* [THE PROBLEM]:
Only the lines from the one containing "Lovely white babysuit" to the end of the data below belong in the answer, each repeated exactly; no pictures.
***** SOURCE DATA
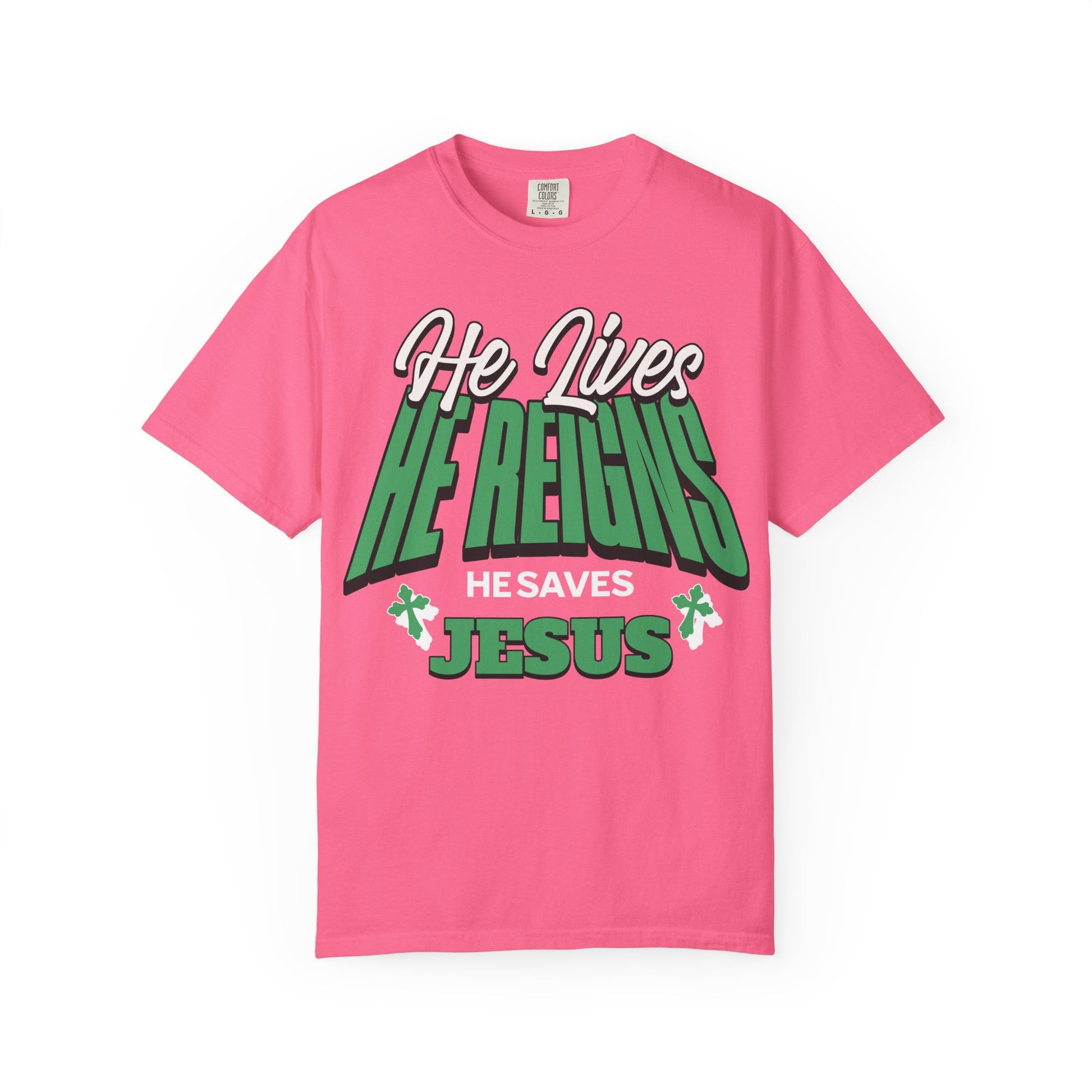 Vibrant Christian t-shirt design featuring bold declarations: “He Lives,” “He Reigns,” “He Saves,” and “Jesus,” set against a pink background. Green crosses with pink ribbons flank the name of Jesus, reinforcing themes of resurrection, sovereignty, and salvation. This eye-catching graphic celebrates Christ’s eternal power and grace, ideal for joyful witness and faith-forward fashion.
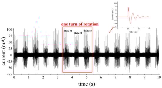However, every time when the blade tip rotated to the area below the HV electrode, the corona pulse discharge formed as the E-field on blade tip got stronger than the corona initiation field, thus forming a periodic discharge pattern. Moreover, the periodic sound of corona discharge was audible as the WT rotated. The measured periodic corona discharge signals from the rotating blades were obtained when the linear velocity of the blade tip was controlled at 3 m/s, as shown in Figure 4. As indicated in Figure 4, the corona discharge at the blade tip during the rotation of the WT was characterized by periodic clusters of discharge pulses. Every 3 pulse clusters represented one turn of rotation of the impeller, and the total corona discharge Qr for one rotation of the WT can be characterized by integrating 3 consecutive pulse clusters. Considering the symmetry of the three blades, the corona charge at the blade tip during the rotation of a single blade from a 0-degree to a 60-degree angle, with respect to the axis of the tower, was Qr/6.
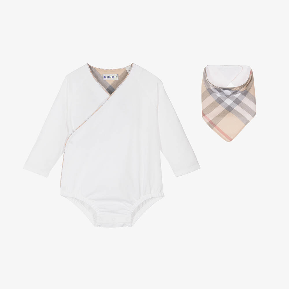 Lovely white babysuit gift set for little boys and girls by British luxury brand, Burberry. Ideal as a gift for a special new arrival, this set comes with a wrap-style bodyvest and an iconic pale stone check bandana bib. The bodyvest fastens with poppers on the front and between the legs for easy dressing. The bib has useful poppers on the back of the neck and is lined in soft cotton towelling for gentle comfort and absorbency.
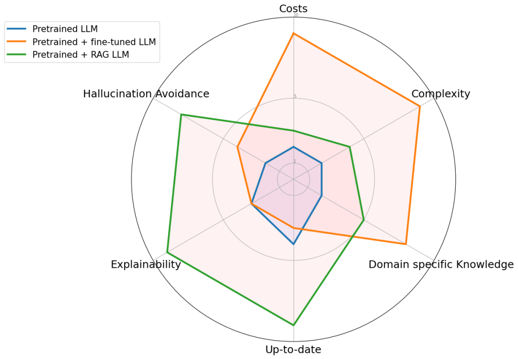 雷达图具体比较了三种不同的方法:预训练大语言模型、预训练 + 微调 LLM 、预训练 + RAG LLM。
**********
* [SOLVED PROBLEM]:
 Lovely white babysuit gift set for little boys and girls by British luxury brand, Burberry. Ideal as a gift for a special new arrival, this set comes with a wrap-style bodyvest and an iconic pale stone check bandana bib. The bodyvest fastens with poppers on the front and between the legs for easy dressing. The bib has useful poppers on the back of the neck and is lined in soft cotton towelling for gentle comfort and absorbency.
 雷达图具体比较了三种不同的方法:预训练大语言模型、预训练 + 微调 LLM 、预训练 + RAG LLM。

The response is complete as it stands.